My testing was performed in Oracle Database 11.2.0.1 on 64 bit Windows with a quad core CPU that supports hyperthreading, and two SSD drives in a RAID 0 array (with all scripts executed on the server).  So, is parallel query always faster than serial execution when the server has multiple CPUs/cores?  But wait, that is not the interesting question… not the point of this parallel execution challenge, but still an interesting question.  Here is the test script, which will be executed three times, with the results of the first execution thrown out so that we may eliminate the side effects of the hard parse:

ALTER SESSION SET CURRENT_SCHEMA=SH;
SET AUTOTRACE TRACEONLY STATISTICS EXPLAIN
SET TIMING ON
SET LINESIZE 145
SET PAGESIZE 1000

ALTER SYSTEM FLUSH BUFFER_CACHE;
SELECT /*+ PARALLEL(2) */ S.PROD_ID, S.CUST_ID, S.TIME_ID FROM SH.SALES S ORDER BY S.AMOUNT_SOLD DESC;

ALTER SYSTEM FLUSH BUFFER_CACHE;
SELECT S.PROD_ID, S.CUST_ID, S.TIME_ID FROM SH.SALES S ORDER BY S.AMOUNT_SOLD DESC; 

Notice in the above that the test case performs the parallel execution first, with a degree of parallelism of 2, and then executes the same query without using parallel execution.

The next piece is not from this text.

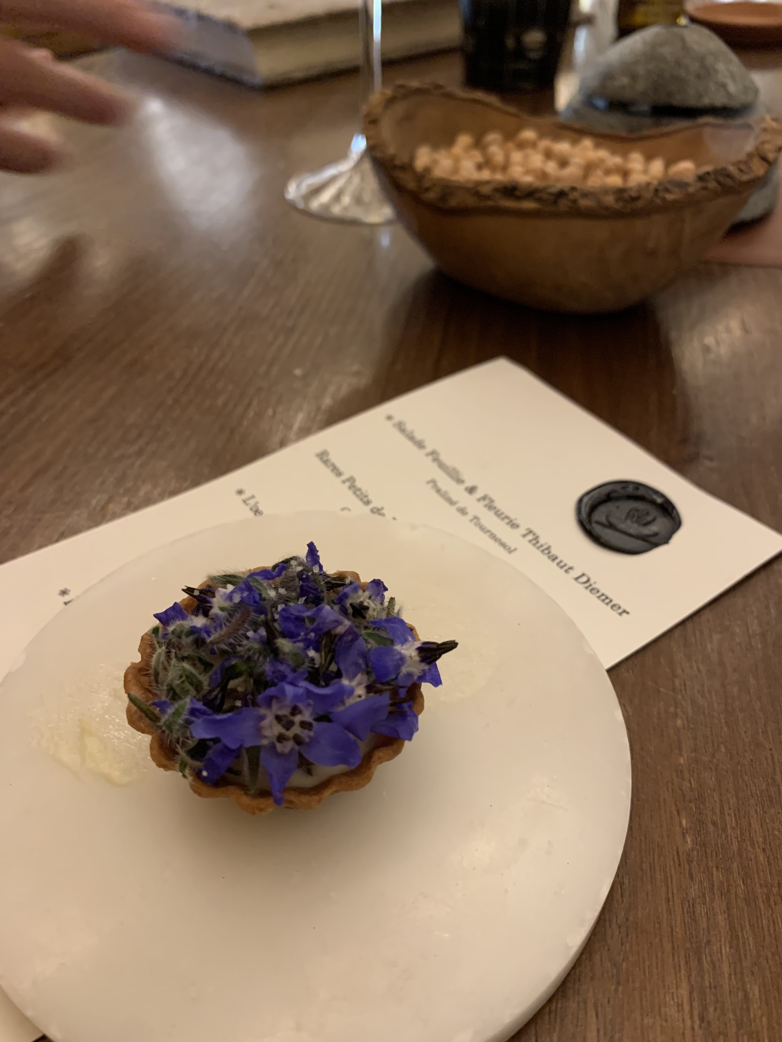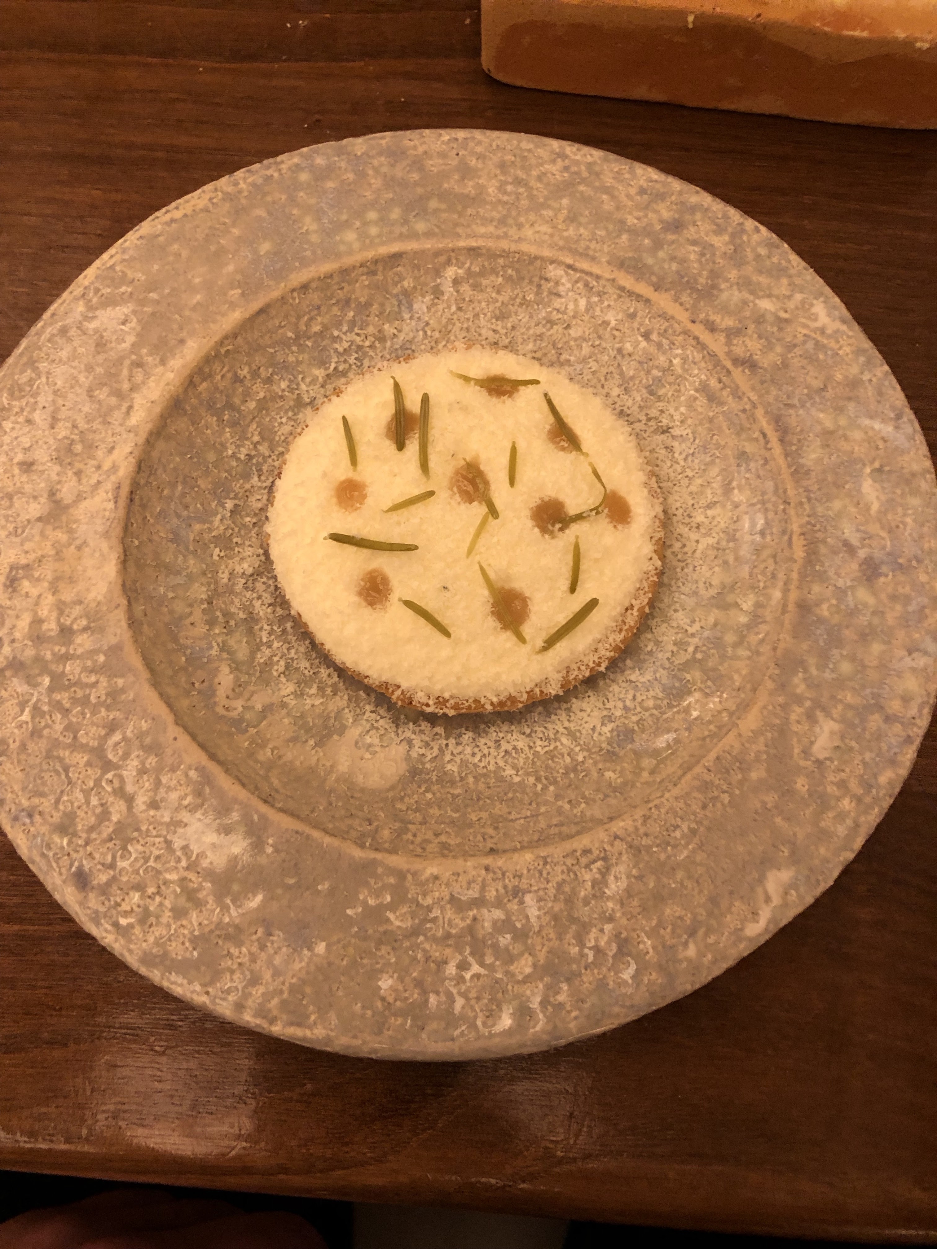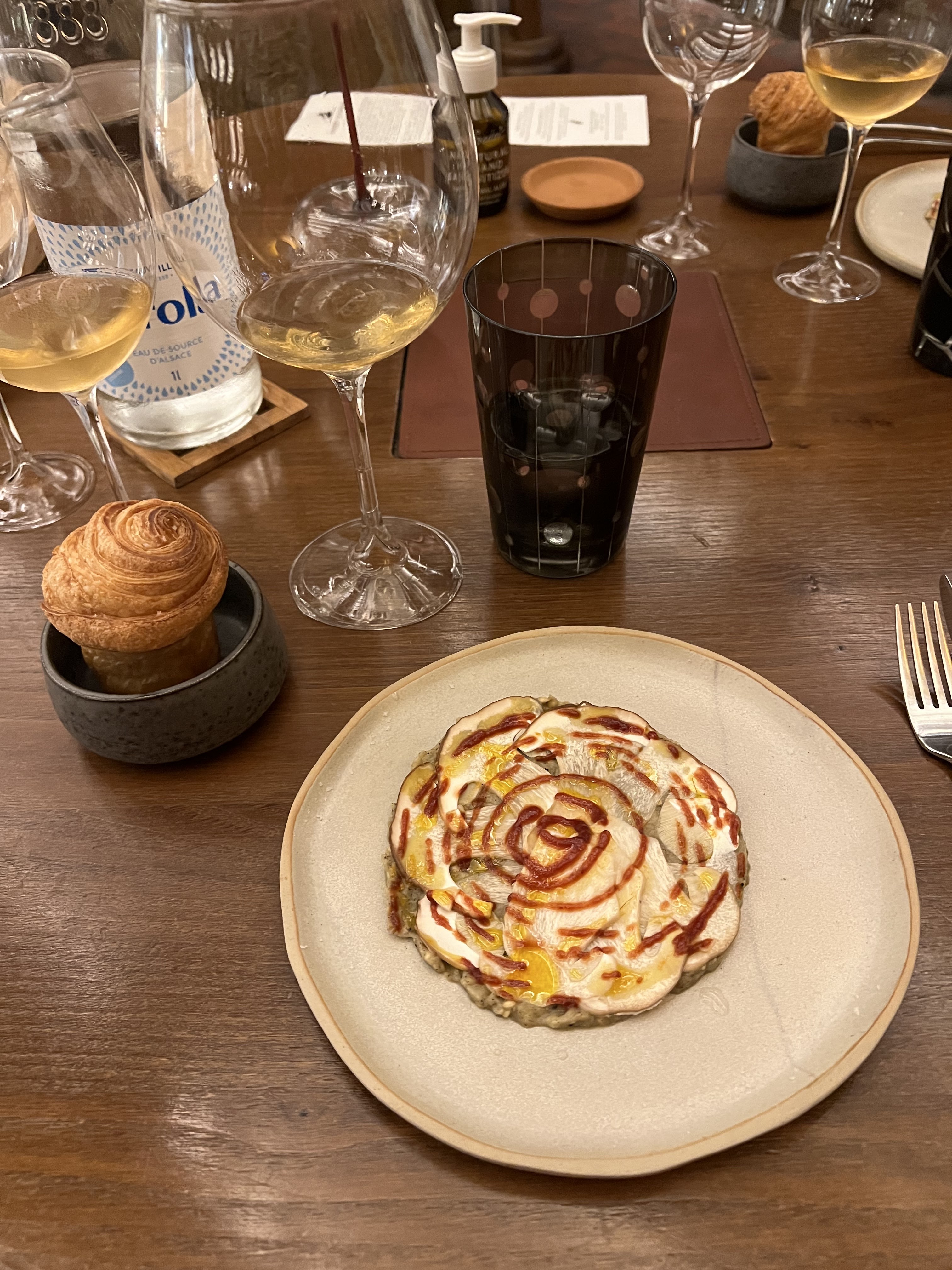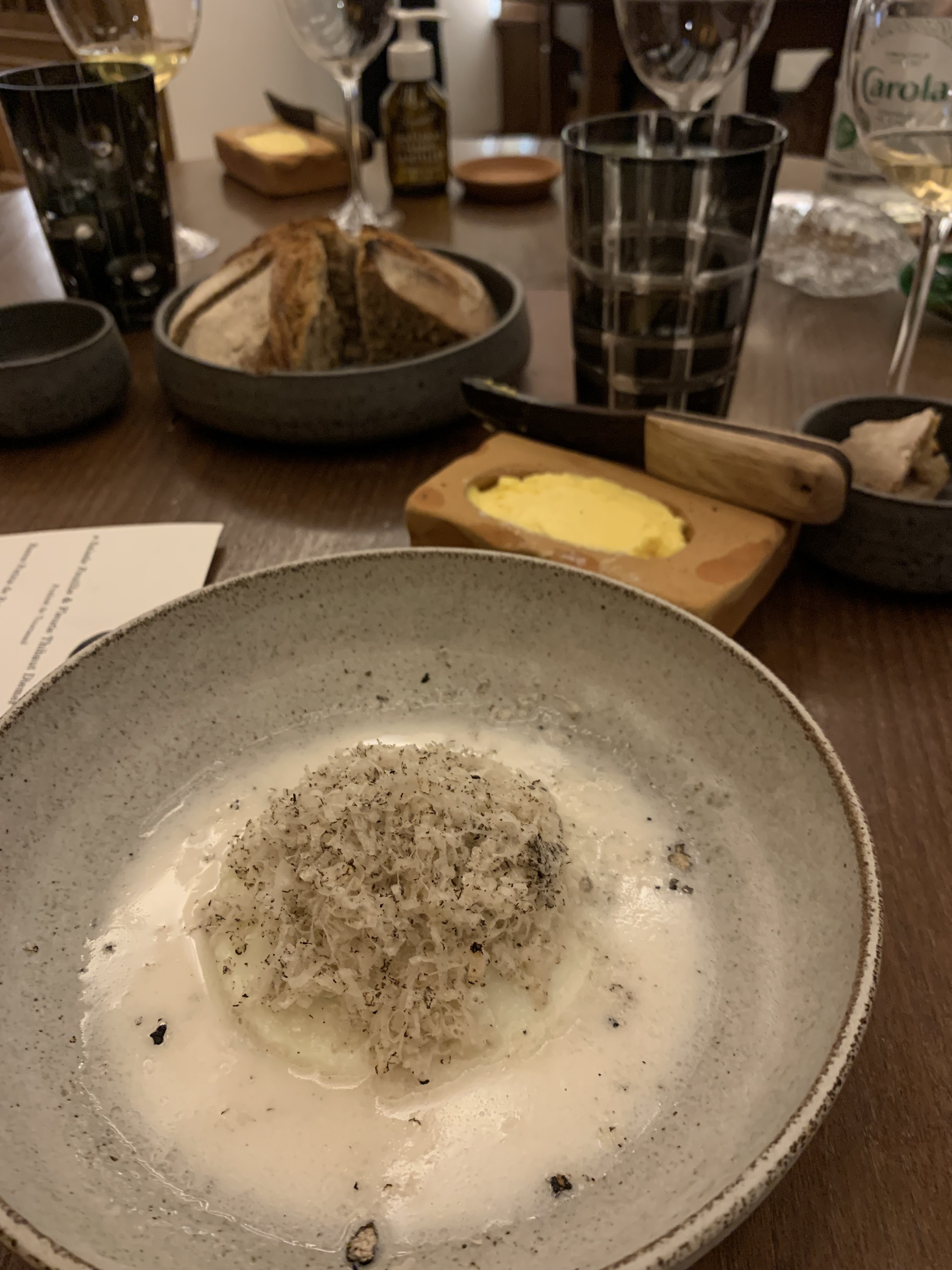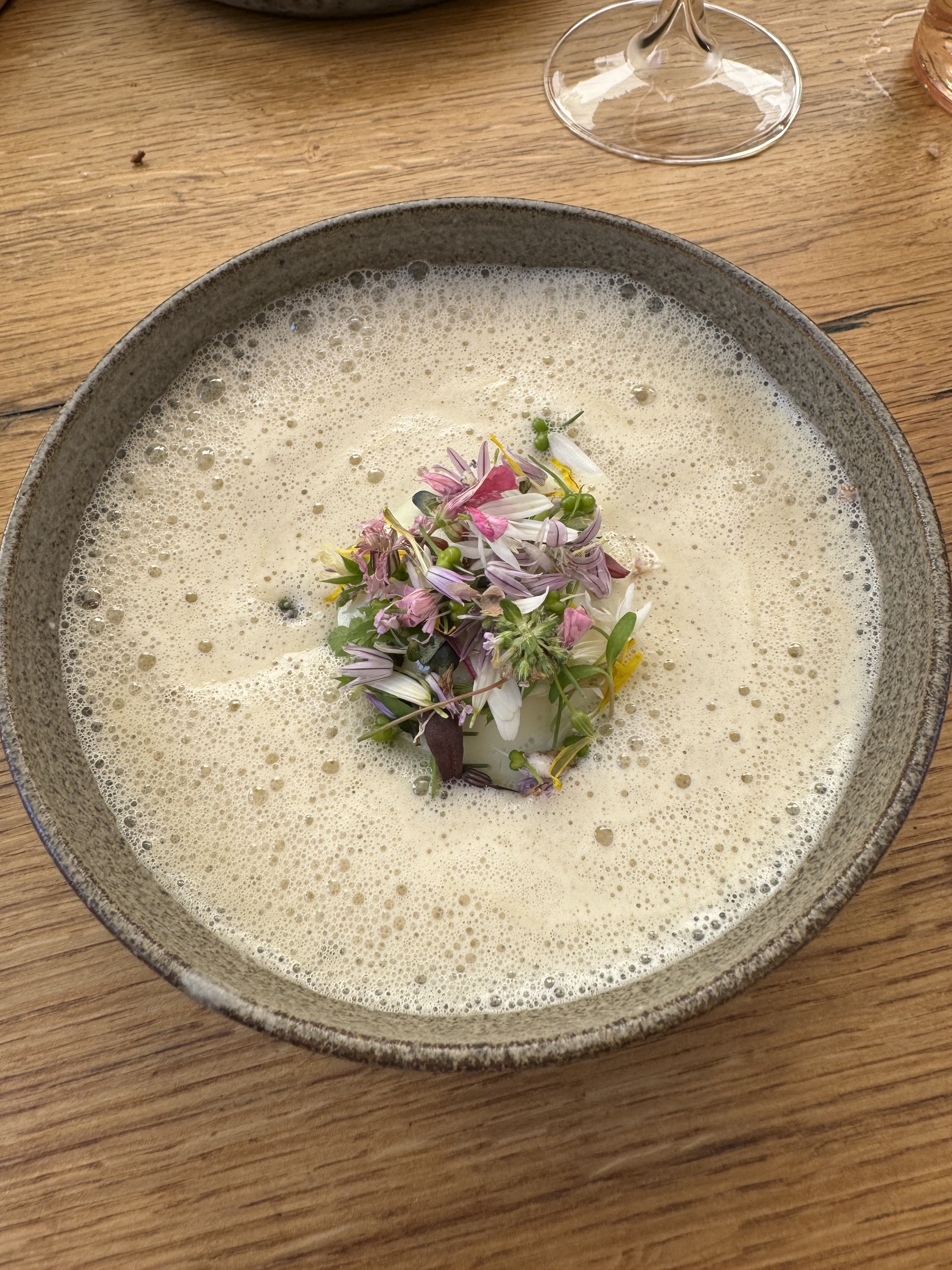 Nous avons eu un repas fantastique ici. Le service était impeccable et on pouvait vraiment dire combien d'efforts ils ont déployé pour créer une expérience merveilleuse. Lorsque nous sommes arrivés, il y avait un panier de pain au levain cru sur notre table, celui-ci nous a ensuite été servi fraîchement sorti du four plus tard au cours de notre soirée avec du beurre fraîchement baratté sous nos propres yeux. Génie!!! Cependant, une partie de notre soirée m’a complètement brisé le cœur. Alors que nous parlions au sommelier de nos boissons à combiner avec notre repas, nous nous sommes sentis poussés à prendre l'accord mets et vins complet de 9 plats. Elle a ajouté que les gens pouvaient généralement conduire ensuite, car le montant était très faible.

Let’s look at the output for the parallel execution:

918843 rows selected.

Elapsed: 00:00:11.97

Execution Plan
----------------------------------------------------------
Plan hash value: 2055439529

-----------------------------------------------------------------------------------------------------------------------------------------
| Id  | Operation               | Name     | Rows  | Bytes |TempSpc| Cost (%CPU)| Time     | Pstart| Pstop |    TQ  |IN-OUT| PQ Distrib |
-----------------------------------------------------------------------------------------------------------------------------------------
|   0 | SELECT STATEMENT        |          |   918K|    19M|       |   308  (14)| 00:00:04 |       |       |        |      |            |
|   1 |  PX COORDINATOR         |          |       |       |       |            |          |       |       |        |      |            |
|   2 |   PX SEND QC (ORDER)    | :TQ10001 |   918K|    19M|       |   308  (14)| 00:00:04 |       |       |  Q1,01 | P->S | QC (ORDER) |
|   3 |    SORT ORDER BY        |          |   918K|    19M|    31M|   308  (14)| 00:00:04 |       |       |  Q1,01 | PCWP |            |
|   4 |     PX RECEIVE          |          |   918K|    19M|       |   277   (4)| 00:00:04 |       |       |  Q1,01 | PCWP |            |
|   5 |      PX SEND RANGE      | :TQ10000 |   918K|    19M|       |   277   (4)| 00:00:04 |       |       |  Q1,00 | P->P | RANGE      |
|   6 |       PX BLOCK ITERATOR |          |   918K|    19M|       |   277   (4)| 00:00:04 |     1 |    28 |  Q1,00 | PCWC |            |
|   7 |        TABLE ACCESS FULL| SALES    |   918K|    19M|       |   277   (4)| 00:00:04 |     1 |    28 |  Q1,00 | PCWP |            |
-----------------------------------------------------------------------------------------------------------------------------------------

Note
-----
   - Degree of Parallelism is 2 because of hint

Statistics
----------------------------------------------------------
         12  recursive calls
          0  db block gets
       1802  consistent gets
       1647  physical reads
          0  redo size
   22116448  bytes sent via SQL*Net to client
    1102982  bytes received via SQL*Net from client
      61258  SQL*Net roundtrips to/from client
          3  sorts (memory)
          0  sorts (disk)
     918843  rows processed 

918,843 rows selected (not displayed in SQL*Plus due to the AUTOTRACE setting), 1,647 blocks read from disk, 1,802 consistent gets, an estimated cost of 308, and the execution completed in 11.97 seconds.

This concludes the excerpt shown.